Parents Offered Refunds on Baby Einstein Videos
Canwest News Service
October 23, 2009
Parents who feel duped by claims that Baby Einstein videos were brain boosters for their infants and toddlers can now get a refund for old merchandise from The Walt Disney Company.
The company has agreed to cough up the cash through an extended DVD return policy after a lengthy campaign by a coalition of educators and parents, who complained Disney's marketing materials implied their videos for babies under two years of age were beneficial for cognitive development.
The move to compensate some customers comes after Baby Einstein - a Walt Disney Company - stopped using some claims following a complaint lodged with the U.S. Federal Trade Commission by the Campaign for a Commercial-Free Childhood.
The group alleged deceptive marketing of the videos.
"Disney took the word 'educational' off of its website and its marketing, but we felt that parents deserved more," child psychologist Susan Linn, co-founder of the organization, said Friday.
"Parents who bought the videos mistakenly believing they were educational can now get a refund. We believe this is an acknowledgment that baby videos are not educational," added Linn, also an associate director of Judge Baker Children's Center, affiliated with Harvard University.
To participate in the Disney refund, U.S. and Canadian customers must have purchased Baby Einstein DVDs between June 5, 2004 and September 4, 2009. Customers must apply for their money back by March 4, 2010 to eligible under this short-term offer.
Ron Murray would have tried to get his money back if he hadn't already tossed out the one Baby Einstein DVD he purchased for his daughter.
The Vancouver father had already received one as a gift when his child was about six-months old and was sucked in by the marketing materials.
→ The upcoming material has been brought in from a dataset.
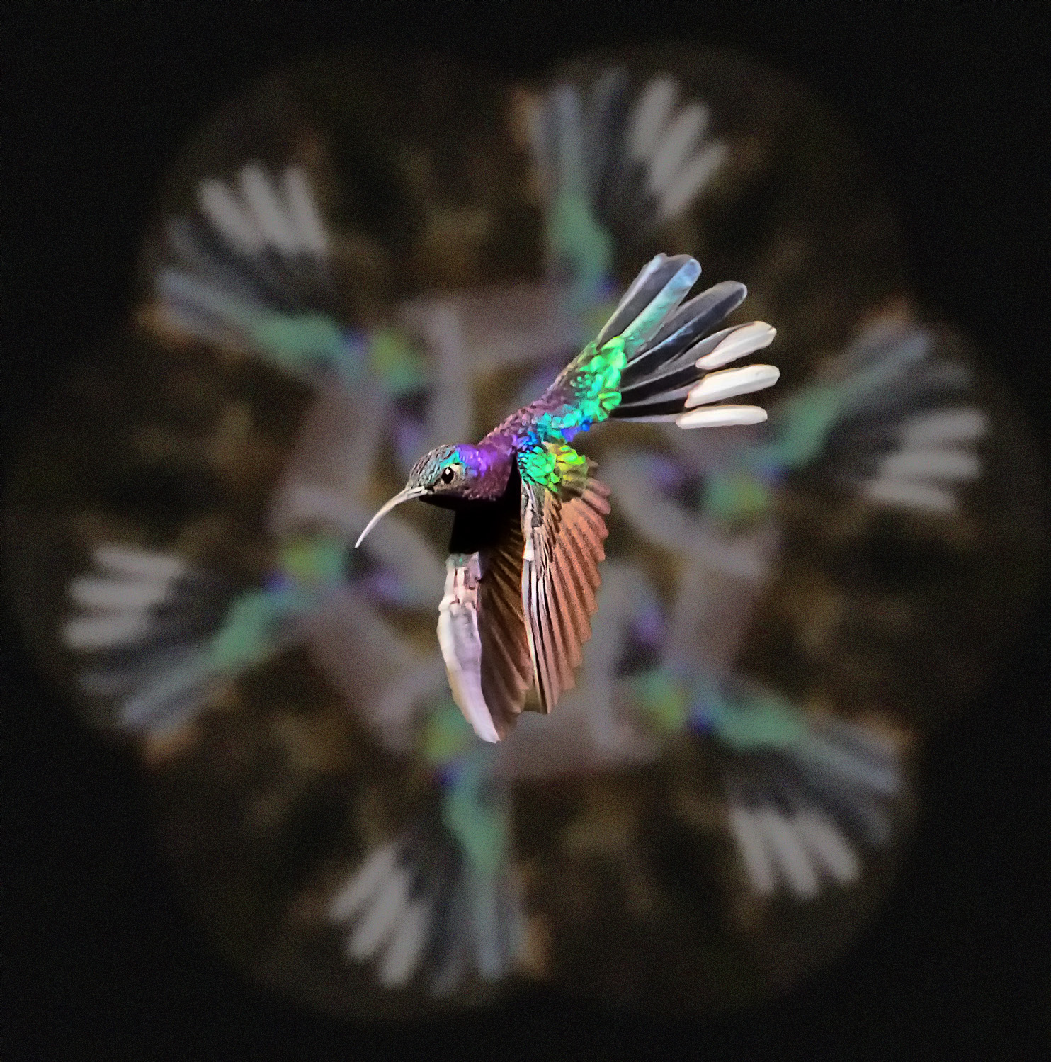 The background was created by using a mandala technique where the image is rotated around 360 degrees. The shutter speed on the hummingbird was 1,000/sec. I'll see if I can bring down the bright spot. |

"I'm embarrassed in hindsight because I bought the pitch," said Murray, whose daughter is now four.
"We were new parents, I hadn't been around kids at all. I looked at the video, and thought, 'Well, this will be helpful for her to try and identify shapes and colours' - not with a view getting ahead in the world, but just with a view to providing some stimulation."
But when Murray's active daughter "just stayed planted for the entire length of the video," he became troubled by her response and ditched the DVD. He also found academic studies that questioned their value for young children.
The offer of $15.99 U.S. for North American customers coincided with a possible class action in the United States hanging over Disney on behalf of customers who purchased videos since June 4, 2004.
"We found a team of public-health lawyers, we found them a plaintiff, we shared our information with them and now there's a refund," said Linn.
A spokesperson for Baby Einstein said this is coincidental and there is no relationship between the refund campaign and the extended offer for money back on old merchandise.
In a statement, the company said it "has long held a customer satisfaction program for its consumers that dates back to the origins of the company." And this reinforcement and expansion of its "long-standing total consumer satisfaction policy" is based on the belief that parents know best for their children.
Linn's organization took issue with certain claims in promotional materials, such as a father-figure saying: "I could almost see my baby's mind expanding," in a television commercial starring a baby and toddler watching a Baby Einstein video.
Parent testimonials promoted by the company also included: "Baby Einstein videos appeal to curious little ones while helping their development"; "Baby Einstein helps develop recognition skills"; "Baby Einstein videos helped increase JJ's attention span"; and "Baby Shakespeare encourages Jennifer's son to start talking."
Some claims no longer used by Disney include a pitch for Baby Wordsworth as a "rich and interactive learning experience that . . . fosters the development of your toddler's speech and language skills." The claim that Numbers Nursery will "help develop your baby's understanding of what numbers mean" has also been dropped, says Linn's group.
The American Academy of Pediatrics recommends no screen time for children under two years of age.
And a study published earlier this year concluded this was a smart policy after reviewing the findings of 78 published studies probing the effects of television on young children.
The Canadian Paediatric Society's policy does not distinguish between babies and older children, recommending television watching should be limited to less than one to two hours per day.
The society also says by the end of the first year of a child's life, "there should be ground rules for television viewing and healthy viewing habits should be established in the second year of life."